Scenario 2: Processing Video Uploads for Transcription
- Requirement: Payloads are 500MB; processing takes 3 minutes; client doesn't need an immediate response.
- Target: SageMaker Asynchronous Endpoint.
- Benefit: Supports large payloads and can scale down to zero instances when the queue is empty, saving costs.
Checkpoint Questions
- Which endpoint type should you choose for a model that receives traffic only twice a day for 5 minutes?
- What metric is most appropriate for auto-scaling an endpoint that is bottlenecked by mathematical computations?

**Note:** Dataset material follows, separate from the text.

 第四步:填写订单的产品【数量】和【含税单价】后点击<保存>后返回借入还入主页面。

- Why would an engineer choose Amazon EKS over SageMaker for model deployment?
- What is the main difference between an "on-demand" resource and a "provisioned" resource in the context of scaling?
Muddy Points & Cross-Refs
- Cold Starts vs. Latency: Students often confuse Serverless cold starts with network latency. Serverless is for cost-saving on intermittent traffic; Real-time is for consistent low latency.

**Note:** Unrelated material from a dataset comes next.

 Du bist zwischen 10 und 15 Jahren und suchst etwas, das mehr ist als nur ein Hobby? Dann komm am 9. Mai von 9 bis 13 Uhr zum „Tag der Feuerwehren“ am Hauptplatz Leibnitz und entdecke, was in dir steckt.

- ECS vs. EKS: If your company already uses Kubernetes for everything, use EKS. If you want simpler container management, use ECS.

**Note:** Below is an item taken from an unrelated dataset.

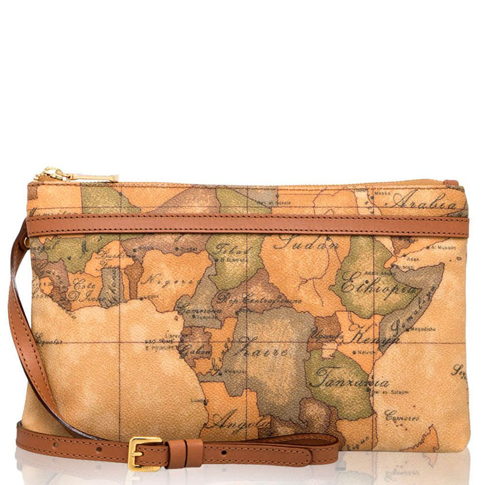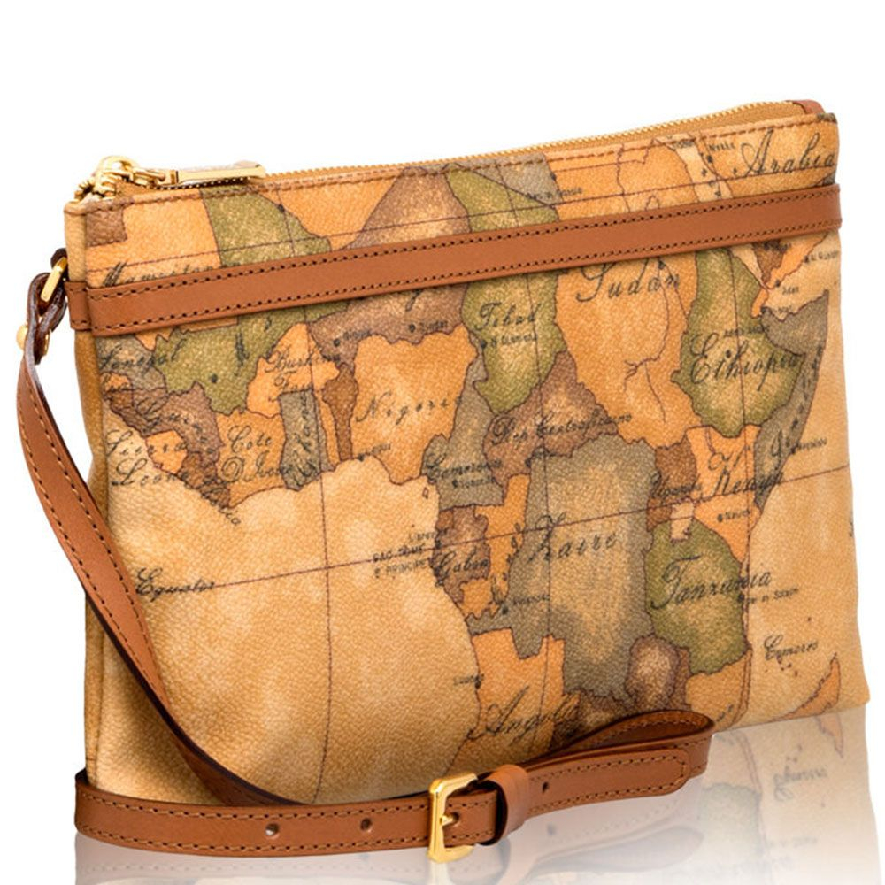 Bandoliera in tessuto stampato con cartina geografica Geo Classic con riporti in pelle di vacchetta color cuoio, metalleria con logo 1AClasse, chiusura con zip. Pratica e ricercata nei dettagli, si abbina perfettamente a qualsiasi outfit.

- Cross-Ref: See Domain 4: Monitoring for how to use CloudWatch to track the scaling metrics mentioned here.
Comparison Tables
Compute Selection: CPU vs. GPU vs. Inferentia
| Hardware Type | Use Case | Cost | Performance |
|---|---|---|---|
| CPU (C5/M5) | Tabular data (XGBoost, Sklearn) | Low | Moderate |
| GPU (G4dn/G5) | Deep Learning, Image/Video | High | High (Parallel) |
| AWS Inferentia | High-throughput Deep Learning | Medium | Best Price/Perf |
[!TIP] Always check if your model is supported by SageMaker Neo. It can often make a CPU-based deployment perform as fast as a GPU-based one for a fraction of the cost.